- [Task prompt] From the first line to the last, give the material again exactly, without the images.

- [Recorded information]
+ + + +

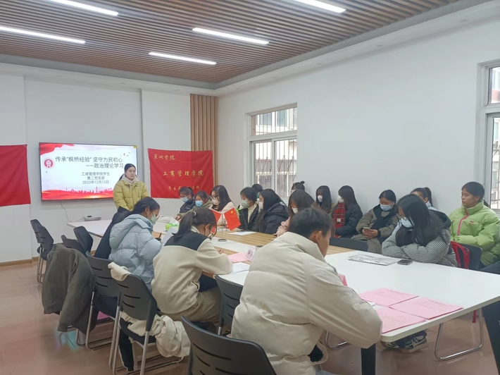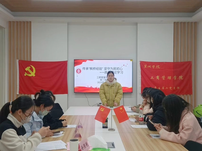 为坚持和发展好新时代“枫桥经验”,坚守以人民为中心的根本立场,工商管理学院学生第二党支部于12月13日下午在巢有范党员服务站开展“传承‘枫桥经验’,坚守为民初心”政治理论学习活动。本次会议由党支部副书记徐强艳主持,工商管理学院学生第二党支部全体党员参加。
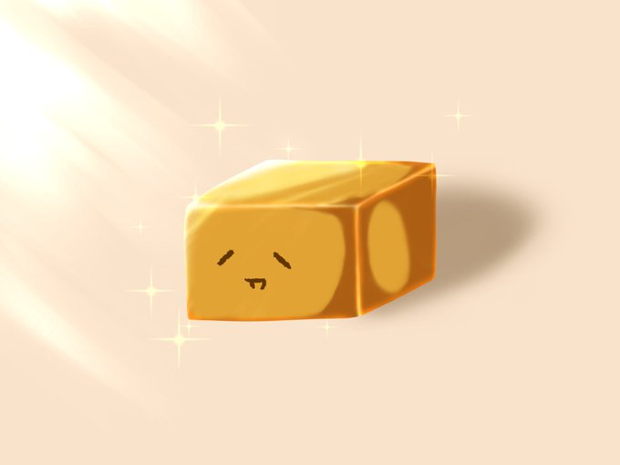 みなさんこんばんは2月になりましたね! どうやら当アカウントは2月1日にツイッターを始めたらしいので無事1周年を迎えました! これは記念におとうふきんぴかにしたろ!って思って金塊を見ながら描いてみたところキャラメルになってしまったものです! よろしくおねがいします!
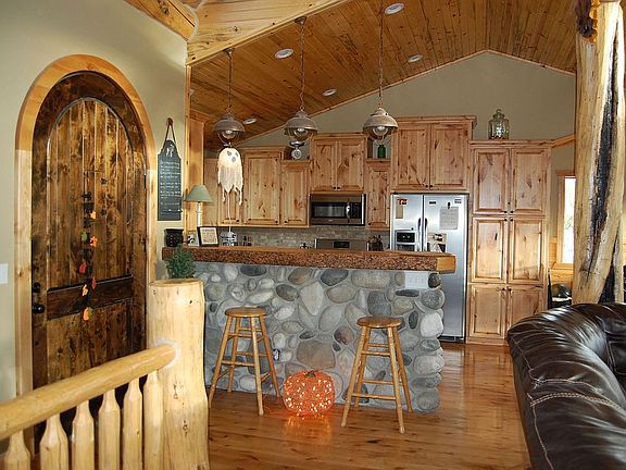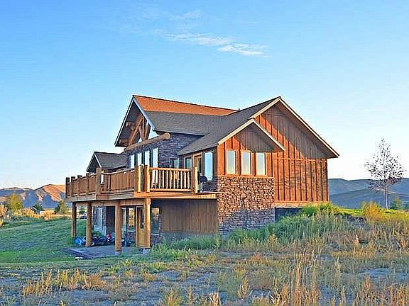 RIVERFRONT. One of a kind! Located in the heart of Idaho’s Big Lost River Valley, 40 minutes from INL, less than 10 miles to Mackay, ID and less than an hour drive to Sun Valley over beautiful Trail Creek summit pass, this property has everything you’ve dreamed of including Big Lost River Frontage and beautiful 360 degree views. At the end of a private lane a 3800+/- sq. ft. home was built in the fall of 2010. This home has custom hand peeled log accents throughout the home. The great room has a ~20 ft cathedral ceiling with custom log purlins and open trusses with hand peeled logs up to 18” in diameter. The great room also has a very large “river rock” gas fire place. Large alpine windows and windows in the log trusses at each end of the great room allow natural light into the room while giving the best views anyone could ask for. There is a balanced mix of tongue-in-groove pine and sheetrock throughout the home. This home has 6 finished bedrooms and 3 full baths including a partially finished walkout basement. The rustic kitchen has lot’s of cupboard space, granite counter tops. The kitchen also boasts a custom half-wall/breakfast bar made out of a thick slab of a large lodge pole pine. There are custom wood floors in the kitchen, dining room and hallway. The dining room leads out the back of the home to a 500+/- sq. ft deck with log railing. The basement has a wood burning stove and an insulated “cold storage” room, unfinished theatre room, a partially finished family/game room, a hot water line that runs outside to the back for a future hot tub, and a gas line that runs to the upper back deck for a barbecue grill. The Master suite has a large walk-in closest, a large master bath with an awesome walk-in shower! The Master suite also has access to the upper back deck. The main structure of the home was built using energy efficient Structural Insulated Panels (SIPs). The home has a custom built log ladder which leads to a unique loft which has additional storage space, bookshelves and a bedroom which has a private deck. There is also a large mud room with a deep sink and a large separate laundry room on the main level. All the doors in this home are custom made solid wood doors, including a massive 8 ft tall by 4 ft wide arched front door, complete with a “speak-easy” opening. Although this house has two fireplaces, it also has central heat and air conditioning. This home comes with twenty three acres of property and has the Big Lost River bordering one entire side of the property. Moose, Deer, fox, bald eagles, geese, duck, and many other wildlife abound here. A foundation is in place on the property for a large shop/barn or 2nd home and has a separate septic, power and water already at the building site. There are also two corrals (including a round corral) and shelter for horses, a nice 8x16 wood sided shed, and a very unique chicken coop. The lower end of the property has a shaded campsite complete with a large fire pit and sitting area, a great place for family s’mores around the campfire or to have friends and family over for a camp-out with the river running by. Great fishing too! Imagine walking right out your door every evening to go fishing.
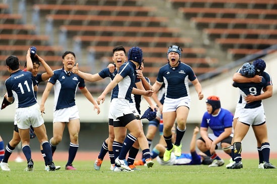 後半25分(ランニングタイム/20分ハーフ)のトライ(G成功)で21-14とし、3度目のリードを奪った大阪中学。最後まで積極的なアタックを貫いてノーサイドを迎えた。

+ + + +

- [Result of the task]
 为坚持和发展好新时代“枫桥经验”,坚守以人民为中心的根本立场,工商管理学院学生第二党支部于12月13日下午在巢有范党员服务站开展“传承‘枫桥经验’,坚守为民初心”政治理论学习活动。本次会议由党支部副书记徐强艳主持,工商管理学院学生第二党支部全体党员参加。
 みなさんこんばんは2月になりましたね! どうやら当アカウントは2月1日にツイッターを始めたらしいので無事1周年を迎えました! これは記念におとうふきんぴかにしたろ!って思って金塊を見ながら描いてみたところキャラメルになってしまったものです! よろしくおねがいします!
 RIVERFRONT. One of a kind! Located in the heart of Idaho’s Big Lost River Valley, 40 minutes from INL, less than 10 miles to Mackay, ID and less than an hour drive to Sun Valley over beautiful Trail Creek summit pass, this property has everything you’ve dreamed of including Big Lost River Frontage and beautiful 360 degree views. At the end of a private lane a 3800+/- sq. ft. home was built in the fall of 2010. This home has custom hand peeled log accents throughout the home. The great room has a ~20 ft cathedral ceiling with custom log purlins and open trusses with hand peeled logs up to 18” in diameter. The great room also has a very large “river rock” gas fire place. Large alpine windows and windows in the log trusses at each end of the great room allow natural light into the room while giving the best views anyone could ask for. There is a balanced mix of tongue-in-groove pine and sheetrock throughout the home. This home has 6 finished bedrooms and 3 full baths including a partially finished walkout basement. The rustic kitchen has lot’s of cupboard space, granite counter tops. The kitchen also boasts a custom half-wall/breakfast bar made out of a thick slab of a large lodge pole pine. There are custom wood floors in the kitchen, dining room and hallway. The dining room leads out the back of the home to a 500+/- sq. ft deck with log railing. The basement has a wood burning stove and an insulated “cold storage” room, unfinished theatre room, a partially finished family/game room, a hot water line that runs outside to the back for a future hot tub, and a gas line that runs to the upper back deck for a barbecue grill. The Master suite has a large walk-in closest, a large master bath with an awesome walk-in shower! The Master suite also has access to the upper back deck. The main structure of the home was built using energy efficient Structural Insulated Panels (SIPs). The home has a custom built log ladder which leads to a unique loft which has additional storage space, bookshelves and a bedroom which has a private deck. There is also a large mud room with a deep sink and a large separate laundry room on the main level. All the doors in this home are custom made solid wood doors, including a massive 8 ft tall by 4 ft wide arched front door, complete with a “speak-easy” opening. Although this house has two fireplaces, it also has central heat and air conditioning. This home comes with twenty three acres of property and has the Big Lost River bordering one entire side of the property. Moose, Deer, fox, bald eagles, geese, duck, and many other wildlife abound here. A foundation is in place on the property for a large shop/barn or 2nd home and has a separate septic, power and water already at the building site. There are also two corrals (including a round corral) and shelter for horses, a nice 8x16 wood sided shed, and a very unique chicken coop. The lower end of the property has a shaded campsite complete with a large fire pit and sitting area, a great place for family s’mores around the campfire or to have friends and family over for a camp-out with the river running by. Great fishing too! Imagine walking right out your door every evening to go fishing.
 後半25分(ランニングタイム/20分ハーフ)のトライ(G成功)で21-14とし、3度目のリードを奪った大阪中学。最後まで積極的なアタックを貫いてノーサイドを迎えた。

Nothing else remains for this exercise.